The bottleneck isn’t missed synonyms. It’s context window pressure. Reading 15 summary files burns 30–50k tokens per question. On a 224-file wiki, that adds up fast.

There was a second problem too: the vocabulary file kept growing into a synonym dictionary, which is exactly what a semantic embedding model is already good at. Maintaining "growth" → "scaling, acquire users, traction" by hand is pointless once you have a model that understands those are the same concept.

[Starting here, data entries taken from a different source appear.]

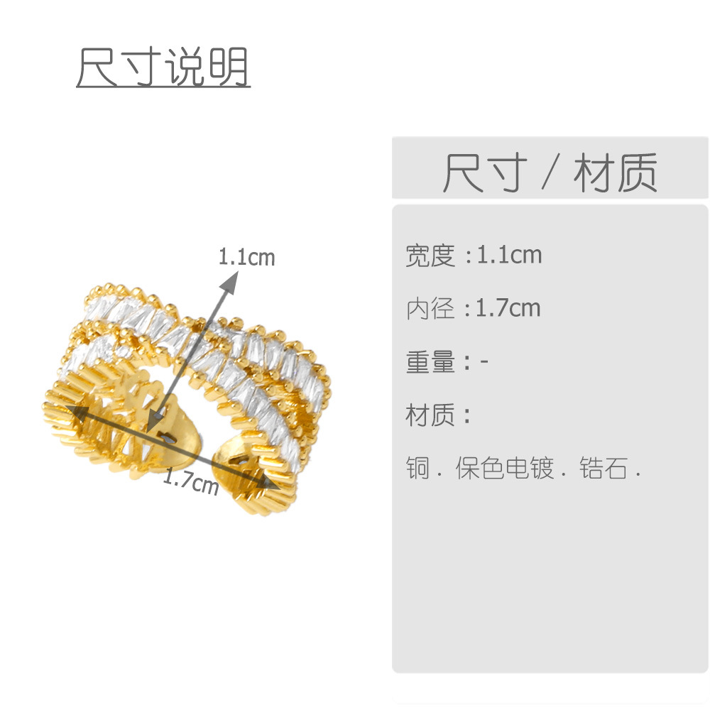 AS jewelry European and American geometric exaggerated high-end copper plated real gold inlaid zircon open ring female rih72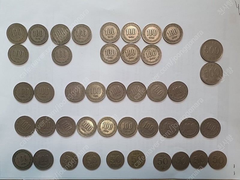 안녕하세요? 각종 희귀동전 및 준희귀동전을 판매코저 글 올립니다. 발행년도, 개당가격, 보류갯수, 사진 표시했습니다. 가격은 동전환전소 보품(마모가 많이 되어 도안이 흐릿해진 상태)기준 최저가 보다 훨씬 저렴하게 책정했습니다. 일부를 제외하고는 대략 미품(세월의 흔적이 있고 마모가 조금됨)이상급 정도는 되는거 같습니다. 시세보다 매우싸게 올렸으니 부담없이 구매하시기 바랍니다. 직거래시 1호선 관악역 2번출구에서 하며, 택배거래시 3500원 추가해주심 선불로 보내드립니다. 반값택배(GS) 시에는 선불 2000원 입니다. 최소 7000원 이상 구매시 거래 진행합니다. 1. 10원 발행년도 개당가격 개수 비고 1966 ₩1,500 1 적동 판매완료 1967 ₩4,000 2 적동 판매완료 1968 ₩2,000 1 판매완료 1970 ₩6,000 1 적동 판매완료 1970 ₩4,000 2 황동 판매완료 1971 ₩200 5 판매완료 1972 ₩1,000 4 판매완료 1979 ₩1,000 6 판매완료 1980 ₩500 2 1982 ₩800 1 2. 100원 발행년도 개당가격 개수 비고 1971 ₩5,000 1 판매완료 1982 ₩4,000 3 1973 ₩1,000 6 1974 ₩500 5 1975 ₩1,000 8 1977 ₩5,000 4 1978 ₩4,000 7 1979 ₩3,000 16 1980 ₩3,000 8 1985 ₩3,000 1 3. 500원 발행년도 개당가격 개수 비고 1982 ₩5,000 1 판매완료 1984 ₩5,000 2 1988 ₩2,000 1 1989 ₩3,000 2 4. 50원 모두 판매완료 발행년도 개당가격 개수 비고 1973 500 1 1974 ₩700 1 1978 ₩600 3 1980 500 1 1982 500 4 1983 200 1 5. 5원 모두 판매완료 6. 1원 모두 판매완료 7. 외국 주화 : 일괄 7,000원 모두 판매완료 8. 행운의 2달러 (보관만 해둔 미사용품) : 3,000원 판매완료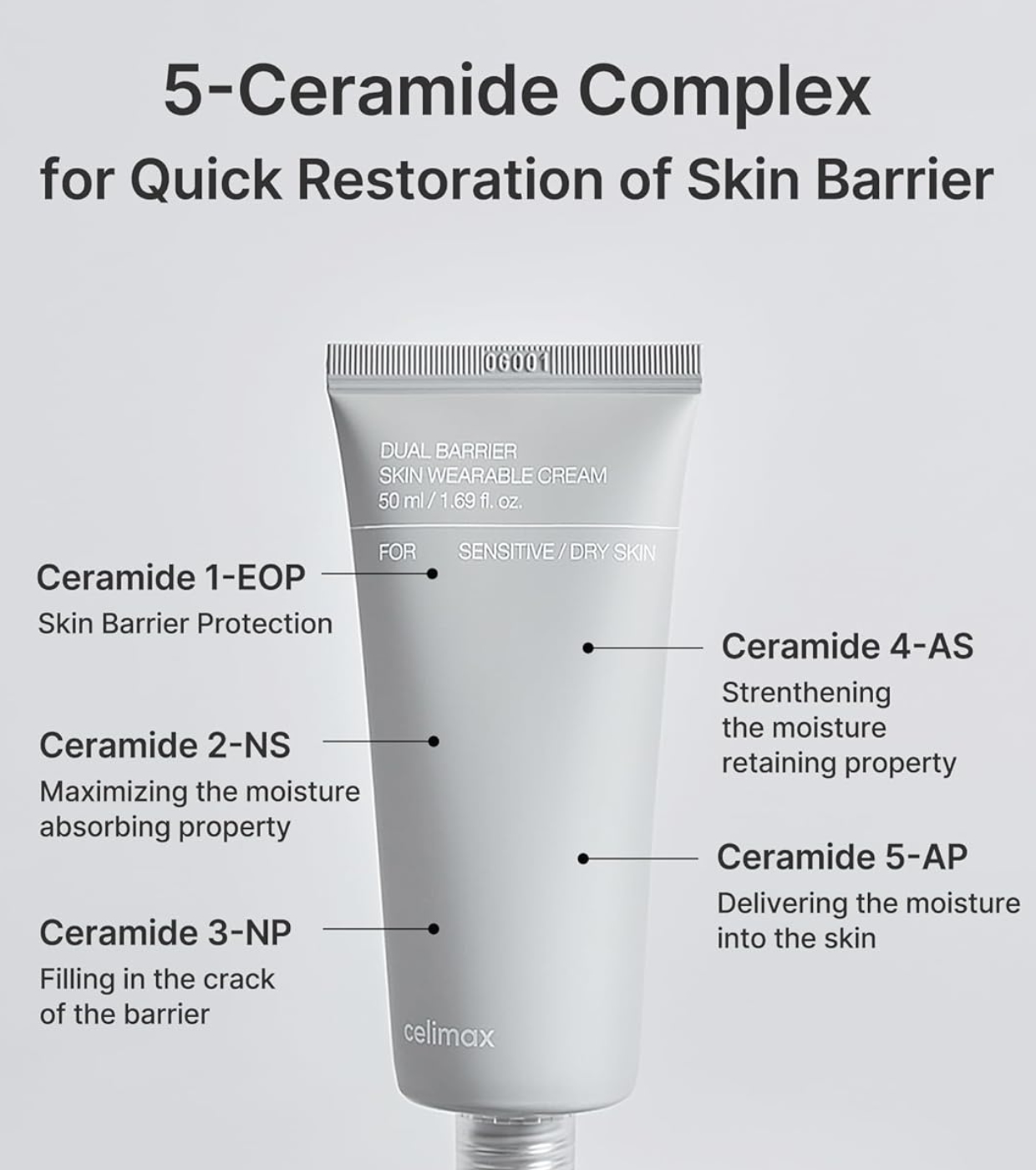 Water, Glycerin, Caprylic/Capric Triglyceride, Butylene Glycol, Propanediol, Stearic Acid, Cetearyl Alcohol, Methyl Trimethicone, Caprylyl Methicone, 1,2-Hexanediol, C12-16, Alcohols, Panthenol, Olea Europaea (Olive) Fruit Oil, Dipropylene Glycol, Allantoin, Pantolactone, Malt Extract, Ceramide EOP, Ceramide NS, Ceramide NP, Ceramide AS, Ceramide AP, Sodium Hyaluronate, Heptasodium Hexacarboxymethyl Dipeptide-12, Phytosphingosine, Arachidic Acid, Oleic Acid, Palmitic Acid, Glyceryl Stearate, Hydrogenated Lecithin, Xanthan Gum, Carbomer, Glucose, Cetearyl Glucoside, Ethylhexylglycerin, Cholesterol, Tocopherol, Tromethamine, Disodium EDTA.
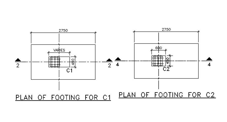 The plan of footing column AutoCAD drawing that shows 600X450 mm thickness size also has dimensions and material specification detail. Thank you for downloading the AutoCAD file and other CAD program from our website.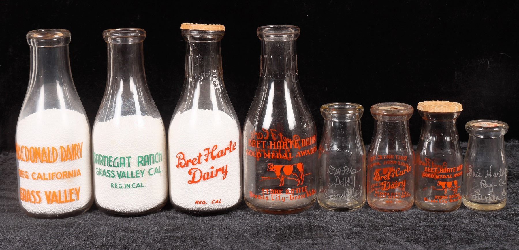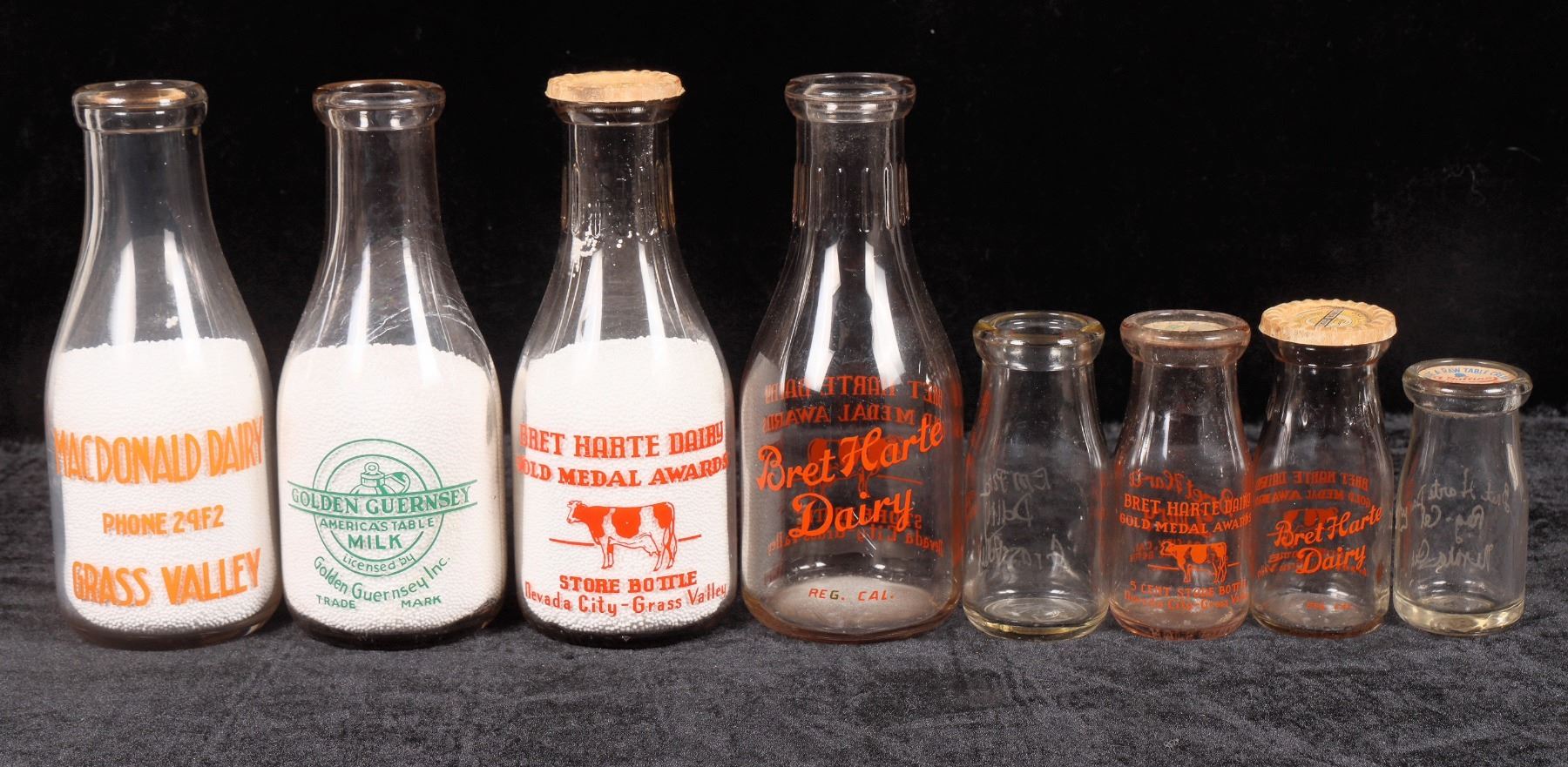 A group of 8 milk bottles from Grass Valley, Nevada. 6 are silk screen, 2 are etched.

The Fix: Two Small Scripts

One builds a local SQLite vector store from your summaries. The other is a CLI Claude calls before reading anything.

The query loop becomes:

Claude calls: python3 scripts/rag_search.py "best ways to grow a saas"
→ gets back 5 ranked file paths in a few seconds
→ reads only those 5 files
→ answers

Around 6 tool calls instead of 20+. Token cost drops by about 80% per query.

How It Works

summaries/              ← your LLM-compiled wiki
rag.db                  ← SQLite vector store (gitignored, ~3MB)
scripts/
  ├── rag_index.py      ← builds the vector store
  └── rag_search.py     ← CLI search tool

The model is all-MiniLM-L6-v2 — about 90MB, runs fully offline on CPU, and downloads once via sentence-transformers. No API, no cloud, no ongoing cost.

rag_index.py

It walks summaries/, splits each file into chunks by section headers so each concept gets its own embedding, then stores them in SQLite.

#!/usr/bin/env python3
"""
Index all summaries/ into a local SQLite vector store.
Run once, then re-run after adding new summaries.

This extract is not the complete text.